The exchange of metabolites among members of microbial communities enables the catabolism of complex substrates and supports the growth of auxotrophic microbes. Many microbes depend on other organisms in their environment for the biosynthesis of essential metabolites such as corrinoids. Corrinoids are cobalt-containing tetrapyrroles that function as cofactors for enzymes that facilitate carbon skeleton rearrangements, methyl group transfers, and reductive dehalogenation. Members of all three domains of life use corrinoid cofactors, yet the complete biosynthesis of corrinoids, which requires approximately 30 enzymatic steps, is performed only by a subset of prokaryotes. Bioinformatic analyses show that while 76% of bacterial genomes contain corrinoid-dependent enzymes, only 39% of these contain the complete corrinoid biosynthesis pathway. As such, corrinoid cross-feeding is crucial for functionally integrated microbial communities.

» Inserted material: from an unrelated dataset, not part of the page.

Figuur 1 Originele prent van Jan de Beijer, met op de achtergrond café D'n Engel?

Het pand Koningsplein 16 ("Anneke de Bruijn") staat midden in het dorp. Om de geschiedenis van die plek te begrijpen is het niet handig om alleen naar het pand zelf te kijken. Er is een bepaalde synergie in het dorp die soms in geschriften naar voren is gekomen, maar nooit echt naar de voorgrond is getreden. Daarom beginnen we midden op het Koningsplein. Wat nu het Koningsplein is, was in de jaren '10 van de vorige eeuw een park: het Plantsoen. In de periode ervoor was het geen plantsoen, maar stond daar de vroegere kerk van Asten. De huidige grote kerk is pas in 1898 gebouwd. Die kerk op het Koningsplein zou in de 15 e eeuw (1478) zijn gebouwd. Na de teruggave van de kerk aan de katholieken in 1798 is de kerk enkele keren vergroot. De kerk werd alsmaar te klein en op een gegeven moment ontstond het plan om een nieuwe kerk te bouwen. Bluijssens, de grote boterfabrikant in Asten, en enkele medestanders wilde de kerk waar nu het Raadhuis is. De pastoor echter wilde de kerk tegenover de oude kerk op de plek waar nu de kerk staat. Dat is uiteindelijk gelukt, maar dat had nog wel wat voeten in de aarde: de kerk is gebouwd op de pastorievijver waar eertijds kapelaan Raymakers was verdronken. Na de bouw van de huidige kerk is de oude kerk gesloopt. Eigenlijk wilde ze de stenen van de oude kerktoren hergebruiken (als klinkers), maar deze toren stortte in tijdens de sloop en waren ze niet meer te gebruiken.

Corrinoids are identified by the structure of their lower axial ligand, which can be a benzimidazole, purine, or phenolic compound. Corrinoids with different lower ligands do not function equivalently as cofactors. Given the diversity of corrinoid structures, microbes that require exogenous corrinoids must have mechanisms to acquire the specific corrinoids that function as cofactors for their corrinoid-dependent enzymes. However, the variety of corrinoids that can serve as cofactors for any one organism, the means by which microbes acquire specific corrinoids, and the diversity of corrinoids present in microbial communities have not been well studied.
In the first chapter, I summarize the strategies employed by corrinoid-dependent bacteria for fulfilling their corrinoid requirements and provide background on corrinoid structure, function, and biosynthesis.

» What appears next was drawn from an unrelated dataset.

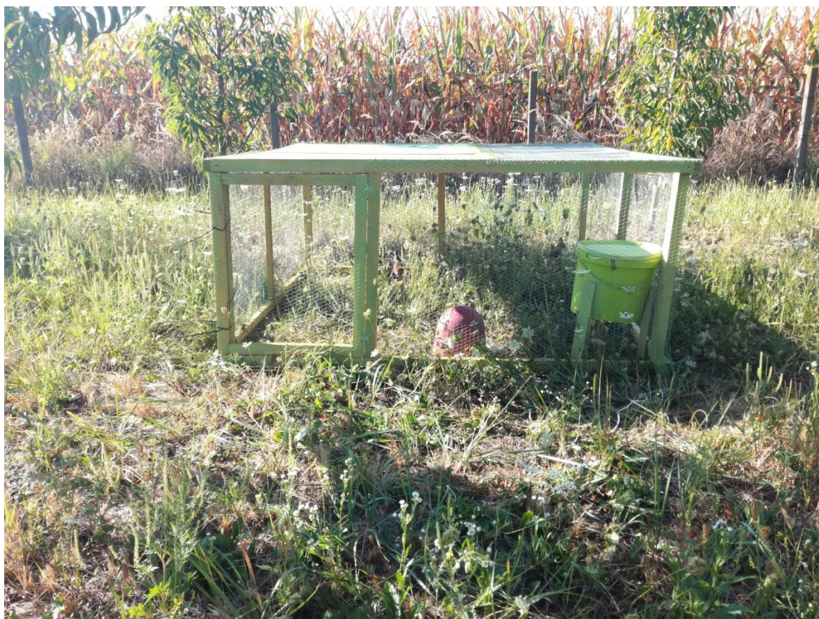
Slika 10. Volijera na drugoj lokaciji.

Za lokaciju postavljanja druge volijere izabran je privatni voćnjak smješten na području sela Hrastovac. Prednost kod postavljene volijere biti će u tome što je voćnjak ograđen metalnom žicom te će ptice na taj način biti dodatno zaštićene od predatora koji bi potencijalno mogli uznemiravati i ugrožavati život pticama. Kao i prethodna volijera i ova je okružena manjim oraničnim parcelama na kojima su zasijane žitarice te će hranidba biti olakšana.

Chapter 2 details my work examining the range of corrinoids that function as cofactors for the organohalide-respiring bacterium Dehalococcoides mccartyi, which has an obligate requirement for exogenously supplied corrinoids. D. mccartyi plays an important role in the bioremediation of chlorinated solvents in the environment, a process that relies on corrinoid-dependent enzymes. Together with my collaborators Shan Yi, Yujie Men, and Lisa Alvarez-Cohen, I showed that D. mccartyi can only use specific corrinoids containing benzimidazole lower ligands, but is capable of remodeling other corrinoids by lower ligand replacement when provided a functional benzimidazole base.
While Chapter 2 focuses on corrinoid metabolism in D. mccartyi in pure culture, my experiments presented in Chapter 3 focus on examining corrinoid cross-feeding in microbial communities containing D. mccartyi. Using a liquid chromatography-tandem mass spectroscopy method developed with my collaborators, I identified the specific corrinoids and free lower ligands present in microbial communities containing D. mccartyi, examined the contributions of different phylogenetic groups to the community corrinoid profile, and provided evidence that D. mccartyi engages in corrinoid remodeling in its natural environment. These findings provide novel insights into the roles played by different phylogenetic groups in corrinoid production and corrinoid cross-feeding within microbial communities, and may also have implications for optimizing chlorinated solvent bioremediation.
As a parallel to my work on how corrinoid cross-feeding supports the growth of D. mccartyi in a microbial community, and the strategies that D. mccartyi uses to obtain functional corrinoid cofactors, in Chapter 4, I explore how the cross-feeding of tetrapyrrole precursors allows microbes with an incomplete corrinoid biosynthesis pathway to fulfill their corrinoid requirements. Using a comparative genomics analysis, I identified 39 bacteria that lack genes required for the production of the universal tetrapyrrole precursors including 5-aminolevulinic acid (ALA), the first steps required for corrinoid biosynthesis, despite having otherwise complete corrinoid biosynthesis pathways. I tested the ability of three putative ALA auxotrophs to scavenge ALA from the growth medium and showed that in the presence of ALA, all three were capable of corrinoid production. My work showed that all 39 tetrapyrrole precursor auxotrophs are animal host-associated, raising the question of whether host-produced tetrapyrrole precursors might be scavenged by corrinoid-producing members of the microbiota.
The results of the experiments presented in this work provide insights into the array of strategies that microorganisms employ in acquiring essential nutrients from the environment. Better understanding of corrinoid production, modification, and utilization in microbial communities will aid in the exploration of how nutrient exchange shapes these communities, and the ecological roles played by individual community members.